Open guaacoelho opened this issue 11 months ago • 1 comments

Hello,

Peterson Nogueira and I use Pylops for geophysical applications. For this, we primarily use the AcousticWave2D operator.

Currently, we are working with the goal of running these applications using data stored in SEGY files. However, one factor is adding complexity to this process: data from SEGY files usually has a variable number of receivers for each modeled seismogram/shot. The AcousticWave2D has well-defined input (dims) and output (dimsd) data dimensions, where it is expected that the number of receivers be the same for each shot. Thus, returning the forward modeling data becomes a problem, as the resulting data matrix would not be regular.

I would like to know if the tool already has any feature that could help us overcome this issue.

guaacoelho avatar Feb 26 '25 18:02 guaacoelho

Hi @guaacoelho, thanks for raising this issue.

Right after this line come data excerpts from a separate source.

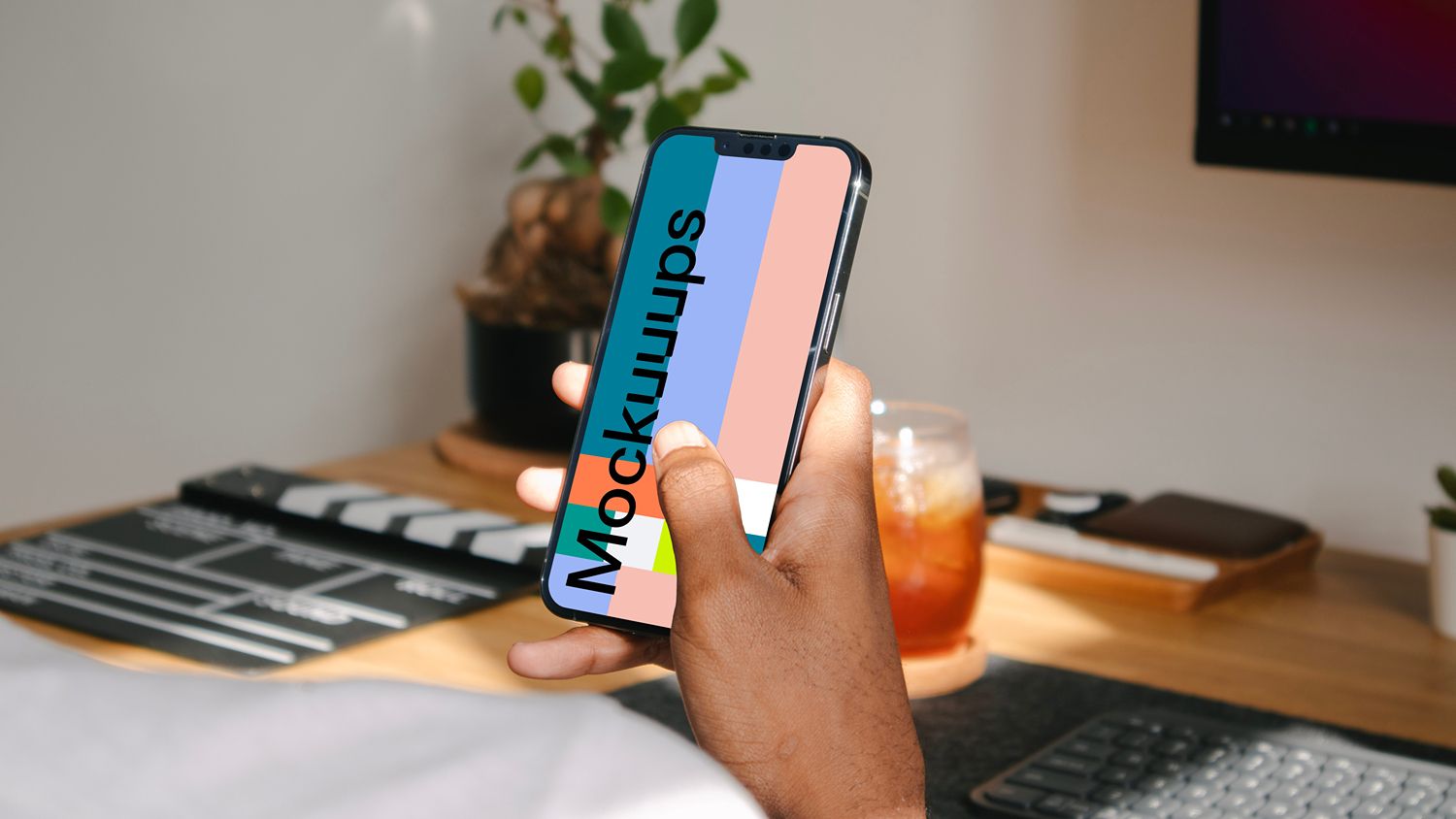 The image features a close-up of a hand holding a smartphone displaying a colorful, abstract graphic. The design emphasizes vibrant color blocking and modern mobile interface aesthetics against a warm, wooden background.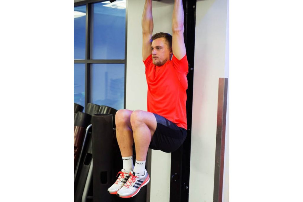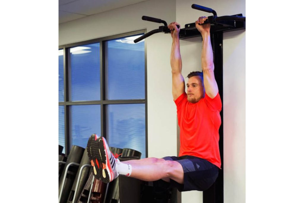 Nasıl yapılır: L-şeklinde asılı durma pozisyonunda başlayın – elleriniz pull-up barını omuz genişliğinde kavrayın ve avuç içleriniz dışarıya baksın. Her iki dizinizi de yukarı doğru çekin ve kalçalarınızla aynı yüksekliğe hizalayın.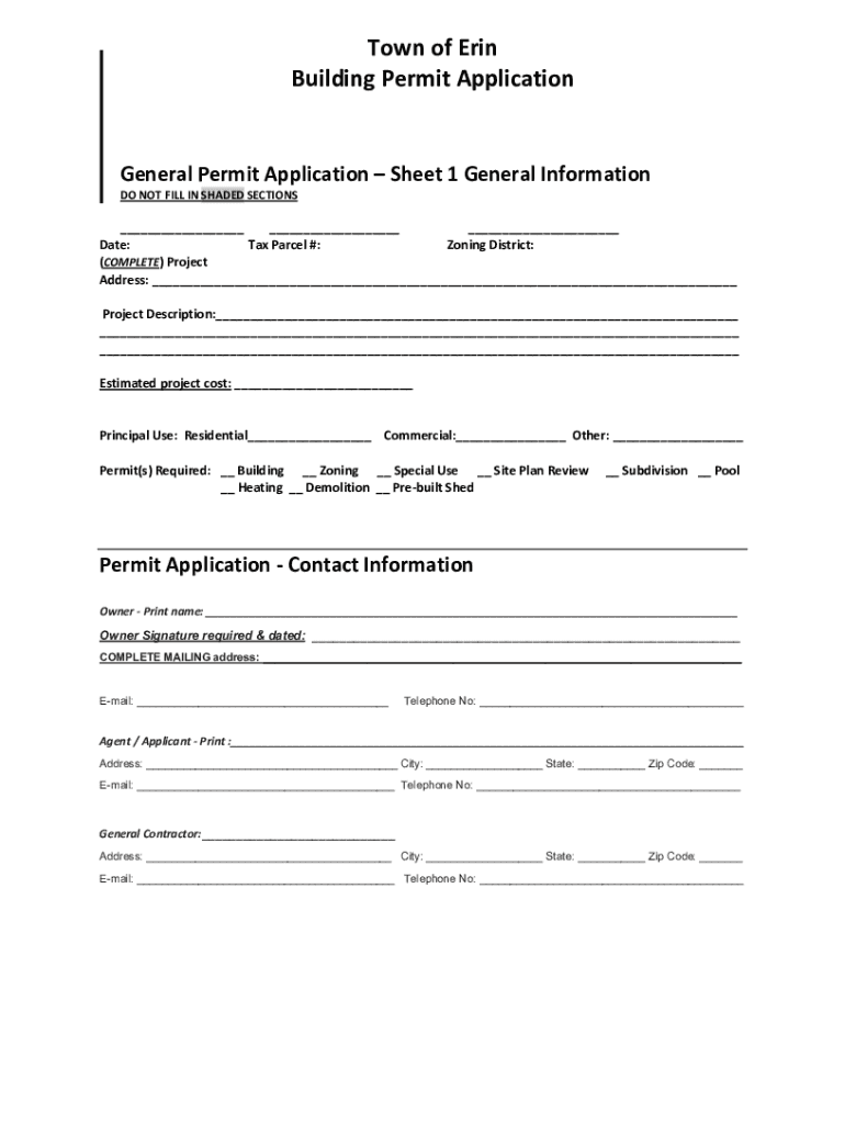 Town of Erin Building Permit ApplicationGeneral Permit Application Sheet 1 General Information DO NOT FILL IN SHADED SECTIONS___ ___ ___ Date: Tax Parcel #: Zoning District: (COMPLETE) Project Address: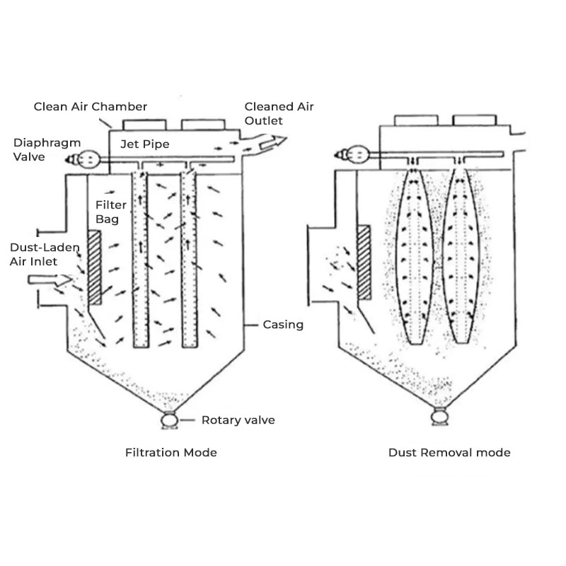 Dalam sistem ini, udara yang mengandung debu pertama-tama melewati kantong filter, tempat partikel debu ditangkap. Udara yang dimurnikan kemudian dilepaskan ke atmosfer. Mekanisme pulse jet memastikan kantung filter bersih dan efisien, sehingga tidak perlu lagi sering dibersihkan atau diganti secara manual.

You are correct about the fact that the AcousticWave2D currently supports only a fixed number of sources and receivers. In theory we could easily allow for them to change internally (a user would provide a list of arrays for src_x, src_z, rec_x, rec_z where each array corresponds to a specific shot) but I am not sure how sustainable is this.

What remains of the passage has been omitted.